Am gleichen Tag
geboren wie die SAW
Olga Momcilovic wohnt seit zwölf Jahren in der SAW-Siedlung Unteraffoltern. Sie kam am 28. Juni 1950 zur Welt: An dem Tag, an dem die SAW in Zürich per Gemeinderatsbeschluss gegründet wurde.
«Am 28. Juni feierte ich meinen 70. Geburtstag. Ich wusste nicht, dass die Stiftung Alterswohnungen genau gleich alt ist wie ich. Es freut mich natürlich, obwohl mir Geburtstage persönlich nicht so wichtig sind. Meinen Siebzigsten haben wir im Kreis der Familie gefeiert. Nicht nur wegen Corona, sondern weil ich sowieso kein grosses Fest organisiert hätte. Wozu auch? Wir waren bei meinem ältesten Sohn, denn für uns alle zusammen wäre es doch etwas eng geworden in meiner 2-Zimmerwohnung. Zwölf Jahre wohne ich jetzt schon in der SAW-Siedlung Unteraffoltern. Am Anfang gehörte ich hier zu den Jüngsten. Mein Mann war fast zehn Jahre älter als ich und gesundheitlich schon etwas angeschlagen, als wir die Wohnung bekamen. Er ist vor sieben Jahren gestorben.
Geboren bin ich in einem kleinen Dorf in der Nähe von Leskovac in Serbien. Meine Eltern waren einfache Bauern und ich glaubte, dass ich deshalb nie einen Mann finden würde. Damals war die Mitgift der Braut noch sehr wichtig und meine Eltern hatten nichts, was sie mir hätten mitgeben können. Ich arbeitete nach der Fachschule in der Textilbranche in Leskovac. In der Stadt lernte ich meinen späteren Mann kennen, der damals schon Arbeit in der Schweiz hatte. Ich bin ihm hierher gefolgt – ohne auch nur ein einziges Wort Deutsch zu verstehen. Das war 1970; ich war gerade zwanzig.
Ein Jahr später ist meine Mutter gestorben. Sie war erst 44 Jahre alt. Das hat mich sehr getroffen. Die Anfangszeit in der Schweiz war für mich nicht einfach. Gott sei Dank war mein Mann ein anständiger und lieber Mensch.
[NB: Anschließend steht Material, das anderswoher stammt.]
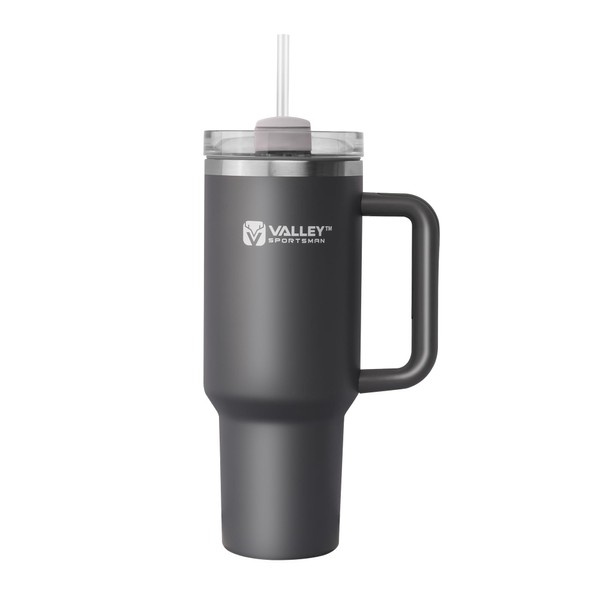 Valley Sportsman 40 oz Stainless Steel Tumblers with Handle, Spill-proof Lid and Straw, Double-Walled Insulated, BPA-Free, Perfect for Hot and Cold Drinks, Gray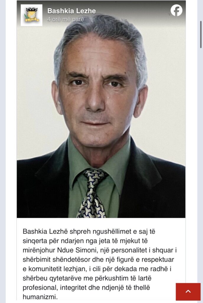 Bashkia e Lezhës ka ndarë lajmin e trishtë, ku mjeku i njohur Ndue Simoni është ndarë nga jeta ditën e sotme.
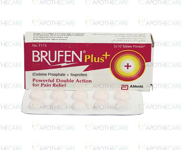 Product Name: Brufen Plus Tab 200mg/20mg 2x10'sProduct Form: TabletsPack Size: 2x10'sMarketed By: ABBOTT LABORATORIES (PAKISTAN) LTDGeneric Category: Opioid AnalgesicIngredients: Ibuprofen 200mg, Codeine Phosphate 20mg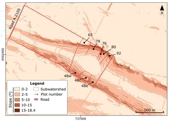 Slope map of the Farnaca watershed obtained from the available LiDAR-derived Digital Elevation Model (LiDAR-PNOA-cob2 2015 CC-BY 4.0 (scne.es)). The red perimeter shows the eight slope segments with the numbers indicated, and the subwatershed modelled with WEPP.

Auch die Kirche hat mir im Laufe meines Lebens viel Trost geschenkt.
1972 kam mein erster Sohn auf die Welt, 1979 der zweite. Neben Kindern und Haushalt habe ich immer gearbeitet, manchmal auch an zwei Arbeitsstellen gleichzeitig: 25 Jahre lang trug ich am Morgen die Post aus und am Nachmittag verpackte ich Mahlzeiten für die Swissair. In den ersten Jahren hatte ich in der Munitionsfabrik gearbeitet, in der mein Mann schon eine Stelle hatte. Aber in der Krise Mitte der 1980er-Jahre wurden viele Ehefrauen entlassen, weil man davon ausging, dass sie als Zweitverdienerinnen weniger in Not geraten würden. Zwei Jahre war ich arbeitslos. In dieser Zeit ist mein Mann krank geworden. Er hatte einen Herzinfarkt mit 44, und als er 50 war, kam der Zucker dazu.
Ich hatte kein einfaches Leben, aber man kann es sich nicht aussuchen. Nur wenige Jahre, nachdem mein Mann gestorben war, bin ich selbst an Krebs erkrankt und musste operiert werden. Ich bin froh, habe ich meine Familie und die Kirche, sonst wäre ich sehr allein. In der alten Heimat kenne ich nur noch wenige Leute. Mein Bruder lebt noch dort. Ich besuche ihn gerne in den Ferien, aber ich bin jetzt seit 50 Jahren in der Schweiz, das ist der weitaus grösste Teil meines Lebens. Meine Kinder, meine Enkel, mein Leben – das alles ist hier, und das ist gut so.
Als das Coronavirus kam, war ich sehr vorsichtig und habe das Haus möglichst nicht verlassen. Ich gehöre ja nicht nur wegen meines Alters zur Risikogruppe, sondern auch wegen meiner Erkrankung. Meine Söhne haben für mich eingekauft und geschaut, dass es mir an nichts gefehlt hat. Einmal hat die SAW ein Konzert für die Siedlung organisiert. Eine junge Violinistin spielte für uns und wir konnten von den Laubengängen aus zuhören. Es war sehr schön, ich habe einige Fotos gemacht. Trotzdem werde ich froh sein, wenn die Pandemie einmal vorüber ist.»
Olga Momcilovic aus der SAW-Siedlung Unteraffoltern nahm als junge Frau all ihren Mut zusammen und folgte ihrem Mann in ein unbekanntes Land. Inzwischen ist ihr die Schweiz längst zur Heimat geworden.